> _Exercise_
What I need is an exact repeat of the lines from the one with "7134型双向放大器采用防水" through the end of the listing below. Leave out every picture.

> _Supplied information_
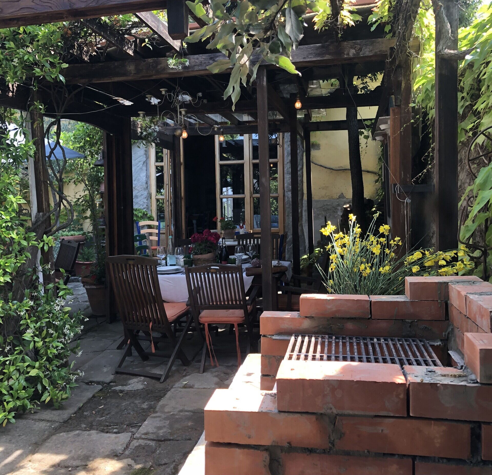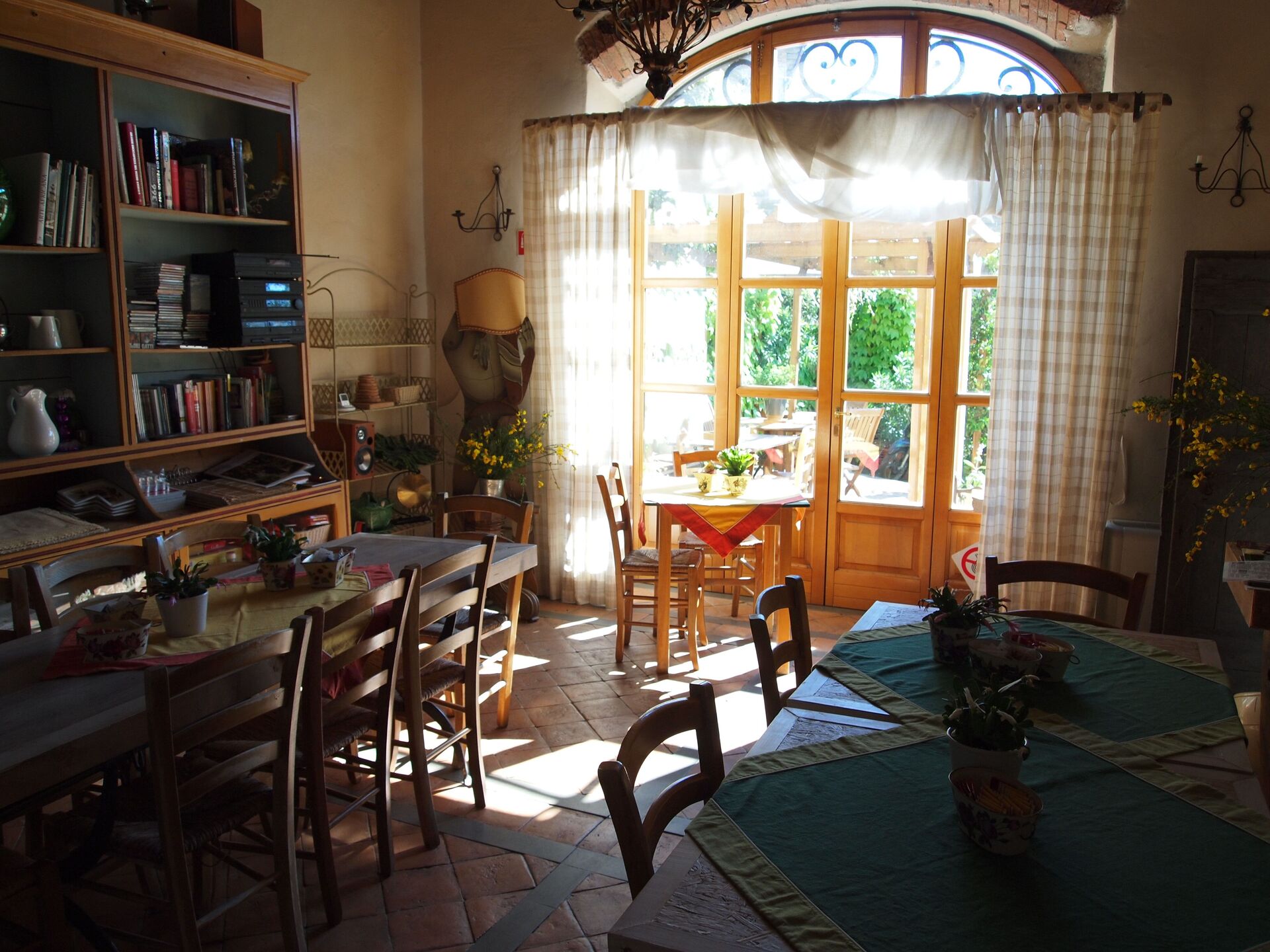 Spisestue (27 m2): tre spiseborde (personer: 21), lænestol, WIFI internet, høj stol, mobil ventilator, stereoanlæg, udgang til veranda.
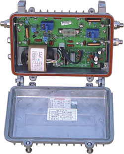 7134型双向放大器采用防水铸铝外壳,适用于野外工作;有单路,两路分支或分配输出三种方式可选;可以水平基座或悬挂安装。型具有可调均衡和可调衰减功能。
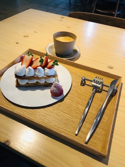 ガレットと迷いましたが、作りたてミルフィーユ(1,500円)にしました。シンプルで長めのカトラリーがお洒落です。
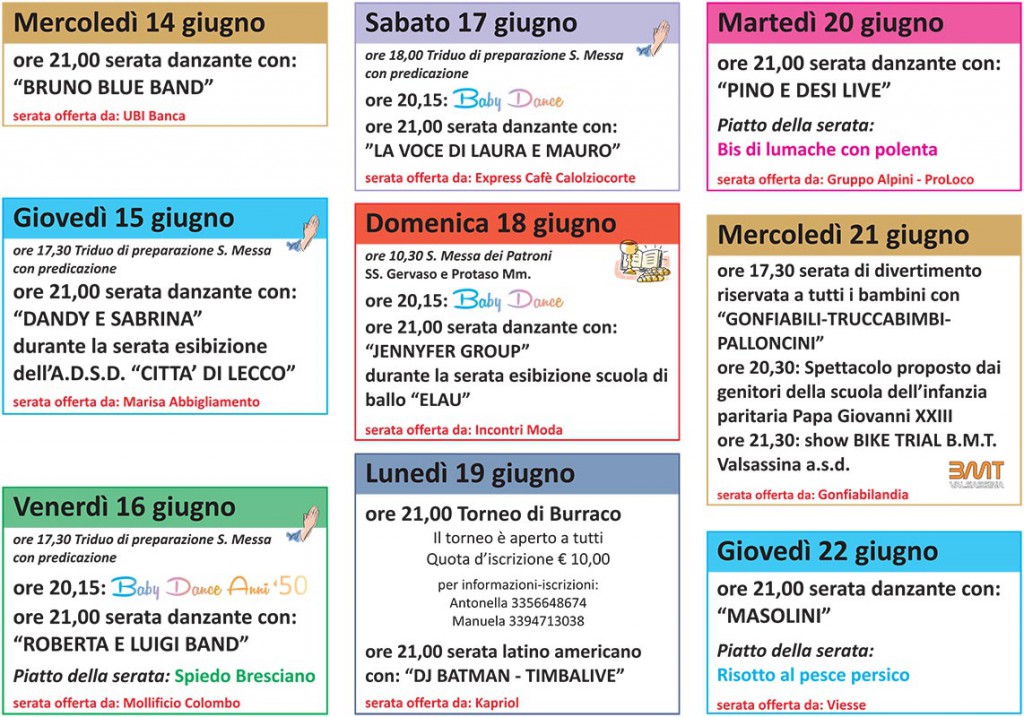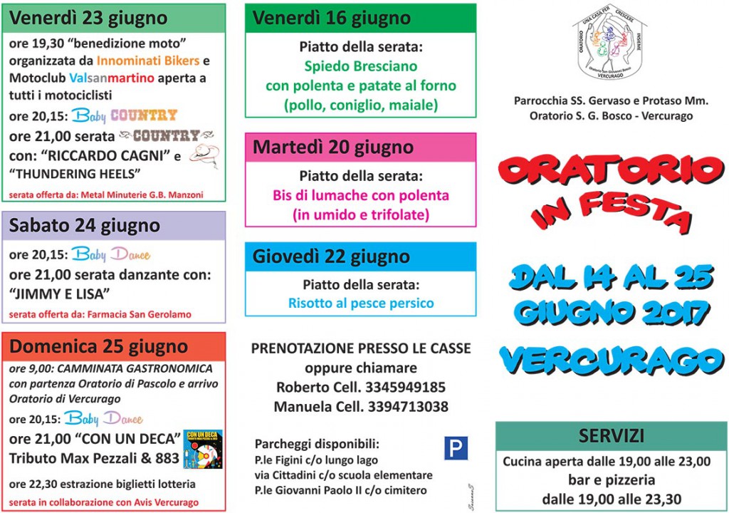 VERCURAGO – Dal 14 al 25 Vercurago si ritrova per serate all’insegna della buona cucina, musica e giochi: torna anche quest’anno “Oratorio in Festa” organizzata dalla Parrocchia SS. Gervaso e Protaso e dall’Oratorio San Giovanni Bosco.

> _Solution_
 7134型双向放大器采用防水铸铝外壳,适用于野外工作;有单路,两路分支或分配输出三种方式可选;可以水平基座或悬挂安装。型具有可调均衡和可调衰减功能。
 ガレットと迷いましたが、作りたてミルフィーユ(1,500円)にしました。シンプルで長めのカトラリーがお洒落です。
 VERCURAGO – Dal 14 al 25 Vercurago si ritrova per serate all’insegna della buona cucina, musica e giochi: torna anche quest’anno “Oratorio in Festa” organizzata dalla Parrocchia SS. Gervaso e Protaso e dall’Oratorio San Giovanni Bosco.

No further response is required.